Drasi Query Development Skill

Use this skill when developing Drasi ContinuousQuery definitions with Cypher. If the user is not working with Drasi, do not apply this skill.

IMPORTANT: Use the context7 MCP server with library ID /drasi-project/docs to get the latest Drasi documentation and Cypher syntax. Do not assume—verify current supported features.

Verify-first any Drasi capability or function behavior that may be version-dependent:

text
[VERIFY]
EvidenceType = Docs | ReleaseNotes | Issue | Repro
WhereToCheck = <URL, repo, command, or repro steps>

Capability & Version Notes

  • Tested against Drasi X.Y (record drasi version output and keep this line current; version not verified in this repo).
  • Cypher support follows Drasi's documented subset; GQL support is additive and must be explicitly enabled via queryLanguage: GQL.
  • Verified against Drasi Cypher docs: features not listed in the supported subset (e.g., collect, DISTINCT, ORDER BY, LIMIT) should be treated as unsupported unless release notes state otherwise.

Drasi Function Guidance (Select the Right Tool)

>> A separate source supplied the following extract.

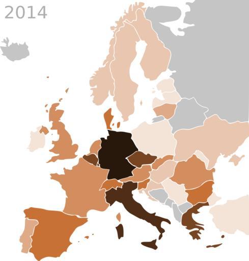 | Keywords: MapEuropeSmall WattPerCapita 2014.svg animation PV per-capita distribution in Europe since 1992 Legend figures in watts per capita inhabitant C5C5C5 1px solid 9E9E9E <0 1 n/a F4E3D7 1px solid E5B99A 0 1 “1 watt E9C6AF 1px solid D99C73 1 “10 watts DEAA87 1px solid CE7F4B 10 “50 watts D38D5F 1px solid B46631 50 “100 watts C87137 1px solid 8C4F26 100 “150 watts A05A2C 1px solid 64381B 150 “200 watts 784421 1px solid 3C2310 200 “300 watts 502D16 1px solid 140C05 300 “450 watts 28170B 1px solid 28170B 450 “600 watts own SourceË http //www iea-pvps org/fileadmin/dam/public/report/technical/PVPS_report_-_A_Snapshot_of_Global_PV_-_1992-2014 pdf IEA-PVPS snapshot report p 15 March 2015 http //www webcitation org/6XPpb1fai archive http //www energies-renouvelables org/observ-er/stat_baro/observ/EurObservER-barojdpv13-Photovoltaic-Barometer-2015-EN pdf PV Barometer report pp 7 “10 April 2015 Map needs to be finalized with 2014-figure from EPIA <div style background-color f2f2f2; color 333; border 1px solid ccc; margin 5px 15px; padding 10px; font-size 0 85em; max-width 450px; >Color changes in map for 2014 watt-per-capita 2013 †’2014 <span style background-color FFD9B3; >Cyprus</span> 28 †’ 75 5 W/cap not on map's scope <span style background-color FFFFB3; >Denmark</span> 97 †’ 107 4 W/cap <span style background-color FFFFB3; >Germany</span> 443 †’ 474 0 W/cap <span style background-color FFFFB3; >Italy</span> 299 †’ 308 4 W/cap <span style background-color FFD9B3; >Luxembourg</span> 172 8 †’ 200 1 W/cap <span style background-color FFD9B3; >Malta</span> 66 3 †’ 127 5 W/cap not displayed on map Moldova</span> none †’ 0 1 W/cap G G Solar 1 330 kW PV project in Chisinau 2 February 2014 <span style background-color FFFFB3; >Netherlands</span> 39 †’ 66 8 W/cap <span style background-color FFFFB3; >Norway</span> 0 1-1 †’ 2 6 W/cap Serbia</span> 0 †’ 0 1 W/cap opening 1 MW solar park <span style background-color FFFFB3; >Switzerland</span> 91 †’ 133 3 W/cap Sources <span style background-color FFFFB3; >IEA-PVPS snapshot March 2015</span> and <span style background-color FFD9B3; >PV Barometer April 2015</span> </div> <center> <table cellspacing 1 cellpadding 3 style text-align right;background-color ccc; font-size 0 85em; width 425px; > <tr style text-align center; ><th colspan 5 style text-align center;background-color 333; color white; >Data table ” Watts Per Capita Calculation In 2014</th><tr> <tr style text-align center; > <th>Country</th> <th>Capacity<br />2014</th> <th>Added<br />2014</th> <th>Popultaion</th> <th>Watts per<br />Capita</th> </tr><tr style background-color white; > <td style text-align left; > Austria Austria </td><td> 766 </td><td> 140 </td><td>8 477 000</td><td>90 <small>4</small></td> </tr><tr style background-color f2f2f2; > <td style text-align left; > Belgium Belgium </td><td> 3074 </td><td>65 </td><td>11 162 000</td><td>275 <small>4</small></td> </tr><tr style background-color white; > <td style text-align left; > Bulgaria Bulgaria </td><td> 1 022 </td><td>2 </td><td>7 261 000</td><td>140 <small>8</small></td> </tr><tr style background-color f2f2f2; > <td style text-align left; > Croatia Croatia </td><td> 34 2 </td><td> 14 2 </td><td>4 253 000</td><td>8 <small>1</small></td> </tr><tr style background-color white; > <td style text-align left; > Cyprus Cyprus </td><td> 64 8 </td><td> 30 </td><td>1 141 000</td><td>75 <small>5</small></td> </tr><tr style background-color f2f2f2; > <td style text-align left; > Czech Republic Czech Republic </td><td>2 134 </td><td>2 </td><td>10 520 000</td><td>202 <small>9</small></td> </tr><tr style background-color white; > <td style text-align left; > Denmark Denmark </td><td>603 </td><td>39 </td><td>5 612 000</td><td>107 <small>4</small></td> </tr><tr style background-color f2f2f2; > <td style text-align left; > Estonia Estonia </td><td>0 2 </td><td>0 1 </td><td>1 283 000</td><td>0 <small>6</small></td> </tr><tr style background-color white; > <td style text-align left; > Finland Finland </td><td>10 </td><td>0 </td><td>5 436 000</td><td>1 <small>9</small></td> </tr><tr style background-color f2f2f2; > <td style text-align left; > France France </td><td>5 660 </td><td>927 </td><td>66 475 000</td><td>85 <small>1</small></td> </tr><tr style background-color white; > <td style text-align left; > Germany Germany </td><td>38 200 </td><td>1 900 </td><td>80 586 000</td><td>474 <small>0</small></td> </tr><tr style background-color f2f2f2; > <td style text-align left; > Greece Greece </td><td>2 595 </td><td>16 </td><td>11 030 000</td><td>235 <small>3</small></td> </tr><tr style background-color white; > <td style text-align left; > Hungary Hungary </td><td>38 2 </td><td>3 2 </td><td>9 894 000</td><td>3 <small>9</small></td> </tr><tr style background-color f2f2f2; > <td style text-align left; > Ireland Ireland </td><td>1 1 </td><td>0 1 </td><td>4 595 400</td><td>0 <small>7</small></td> </tr><tr style background-color white; > <td style text-align left; > Italy Italy </td><td>18 460 </td><td>385 </td><td>59 862 000</td><td>308 <small>4</small></td> </tr><tr style background-color f2f2f2; > <td style text-align left; > Latvia Latvia </td><td>1 5 </td><td>0 </td><td>2 011 000</td><td>0 <small>8</small></td> </tr><tr style background-color white; > <td style text-align left; > Lithuania Lithuania </td><td>68 1 </td><td>0 1 </td><td>2 956 000</td><td>23 <small>1</small></td> </tr><tr style background-color f2f2f2; > <td style text-align left; > Luxembourg Luxembourg </td><td>110 </td><td>15 </td><td>543 000</td><td>200 <small>1</small></td> </tr><tr style background-color white; > <td style text-align left; > Malta Malta </td><td>54 </td><td>26 </td><td>423 000</td><td>127 <small>5</small></td> </tr><tr style background-color f2f2f2; > <td style text-align left; > Netherlands Netherlands </td><td>1 123 </td><td>400 </td><td>16 800 000</td><td>66 <small>8</small></td> </tr><tr styl

Task type Function Notes / When to use
Detect state transition drasi.previousDistinctValue() Ignores repeated identical values.
Compare last-known values drasi.previousValue() Detect any change between revisions.
Evaluate sustained truth drasi.trueFor() Requires continuous "true" state for duration.
Evaluate timed condition drasi.trueLater() Pending result until specified timestamp.
Retrieve version snapshot drasi.getVersionByTimestamp() Requires temporal index.
Compute trend drasi.linearGradient() Aggregate slope detection (telemetry, rate rise).
Change timestamps drasi.changeDateTime() Windowing and recency checks against element's last change time. Evidence: Drasi custom functions docs (link below).
Historical lookup (range) drasi.getVersionsByTimeRange() Requires temporal index. Evidence: Drasi custom functions docs (link below).

Evidence: Drasi custom functions docs (https://github.com/drasi-project/docs/blob/main/docs/content/reference/query-language/drasi-custom-functions.md).

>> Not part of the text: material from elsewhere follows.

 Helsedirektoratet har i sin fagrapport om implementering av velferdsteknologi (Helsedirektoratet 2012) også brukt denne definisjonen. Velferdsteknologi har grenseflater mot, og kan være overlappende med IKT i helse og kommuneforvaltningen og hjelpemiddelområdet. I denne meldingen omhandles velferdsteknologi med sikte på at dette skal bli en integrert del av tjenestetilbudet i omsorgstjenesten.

When to Use Drasi vs Brokers

  • Use Drasi for continuous queries over changing graphs, temporal reasoning (e.g., trueFor, historical versions), and when you need query results that reflect graph state transitions.
  • Use Event Hubs/Kafka for high-throughput event streaming with replay and retention when you want to reprocess raw events or build multiple downstream projections.
  • Use Service Bus/queues for command-style workflows, strict ordering per key, or guaranteed processing with dead-letter workflows.
  • If you need change-graph outputs with declarative querying, Drasi is the right fit; if you need raw event replay and fanout without query semantics, prefer a broker.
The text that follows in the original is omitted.